California can’t afford to repeat the Great Recession: State spending is critical to economic recovery – UC Berkeley Labor Center

We cannot afford to repeat the mistakes of the Great Recession

California entered the pandemic in better fiscal shape than before the Great Recession; in 2019 the state had sufficient reserves to weather a mild recession. In January 2020, in anticipation of continual revenue and economic growth, Governor Newsom proposed a $153 billion budget that increased both one-time and ongoing spending on education, housing, and health care, new programs to combat homelessness, and desperately-needed education funding. Then the pandemic hit.

When the impacts of the pandemic began to hit in spring 2020, the Governor’s May Revision became a “workload budget”: it froze most spending at 2019-20 levels, with few exceptions for COVID-related spending. The state ultimately adopted an austerity budget with only $133 billion in general fund spending. The budget made severe cuts to both K-12 and higher education, deferred an  important expansion of Medi-Cal, and eliminated proposed spending on housing and infrastructure.

It now turns out that the 2020-21 revenue projections were overly pessimistic. The adopted budget projected that revenues would drop by nearly $15 billion from 2019-20. Instead, revenues are on track to exceed 2019-20 revenues, nearly matching the projected revenues in the Governor’s January 2020 proposal. The legislature has already restored some of the cuts made in 2020-21 effective July 2021, but these don’t address the scale of revenue loss and cost increases.

In December 2020, California officials estimated that this “windfall” could amount to $26 billion, driven by the wealth increases and stable employment of higher-income Californians. But despite the projected surplus for 2021-22, the budget forecasts deficits for the coming three years, through the 2024-25 fiscal year. The Governor also projects that state job losses will not return for half a decade; the Congressional Budget Office (CBO) projects the U.S. economy will not recover 2020 job losses until 2024. The Great Recession had its most severe fiscal impacts in the few years after it began. We need to be planning ahead to prevent long-term damage to our economy and to California families.

It’s important to emphasize that California is not enjoying a “windfall;” we are on track to match non-pandemic revenues for 2020-21, and projected to lose revenues after that. This is not the time to be complacent about the inadequacy of our revenue base for sustaining long-term recovery. 

California was one of the most severely impacted states during the Great Recession. Credit ratings agencies flagged California cities as high risk for municipal bankruptcy. Like most states, California saw record job losses in the public sector, deteriorating levels of public infrastructure and services, and years of compromising on California’s commitment to an equitable economy. As we wrote in October, the state’s economy had barely recovered by 2019, and by many measures (job quality and public sector employment) the economy was more vulnerable in 2019 than in 2007.

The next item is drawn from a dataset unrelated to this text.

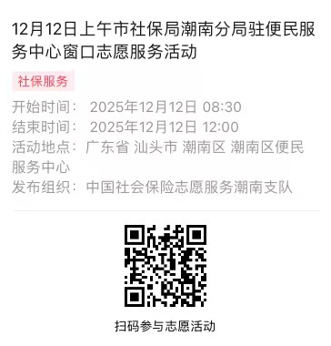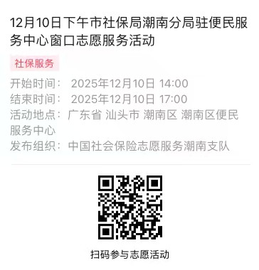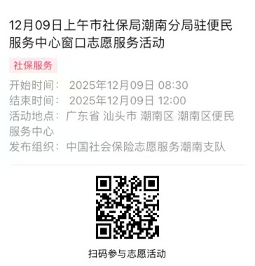 2025年12月8日至12月12日市社保局潮南分局驻便民服务中心窗口志愿服务活动,需要每一个可爱的你参与!

Studies of the impacts of the Great Recession confirmed the importance of avoiding austerity measures to prevent long-term economic damage. Research from the Great Recession demonstrated that short-term labor markets have a stronger impact on long-term outcomes  than previously understood. An analysis of job recovery in 50 states from 2008-2013 found that states that cut their public-sector workforce had deeper job losses overall and in the private sector. EPI found in 2009 that for each dollar of budget cuts, more than 50% of the jobs and economic activity lost will be in the private sector. 

In 2010, the Labor Center found that cuts of 261,000 jobs in health and human services would result in $21 billion in lost economic output, and $1.3 billion in state and local tax revenue. Close to 25% of the savings from those job cuts would be negated due to loss in economic activity.

In 2018 dollars, the loss of 100,000 state and local jobs matching the distribution of actual job losses from 2008-2013 have an economic multiplier effect of 1.51: that is, for every state or local job loss and additional .51 jobs are lost in the rest of the economy. This represents $10.4 billion in direct income loss, and more than $3 million in income loss induced by reduced consumer spending. 

California has already seen significant public job loss

From February to December 2020, California lost more than 200,000 state and local government jobs, including nearly 170,000 local government jobs. The early fall recovery has clearly slowed; in December we had a net loss of private sector jobs—in both the U.S. and California—for the first time since April (Figure 2).

These losses come on the heels of years of declines in state and local employment. When compared to population growth, state and local employment was well below pre-Great Recession levels heading into 2020 (Figure 3). Since February, after a short lag in job loss, the share of California’s jobs in state and local government has continued the downward trend that began in 2008.

This gap represents lost teaching staff, school support staff, child protective services workers, preschool teachers, parolee counselors, public hospital nurses, transit operators, and many other jobs that form the foundation of economic mobility for Californians. Two areas of underinvestment have been starkly exposed over the past year: education and health care.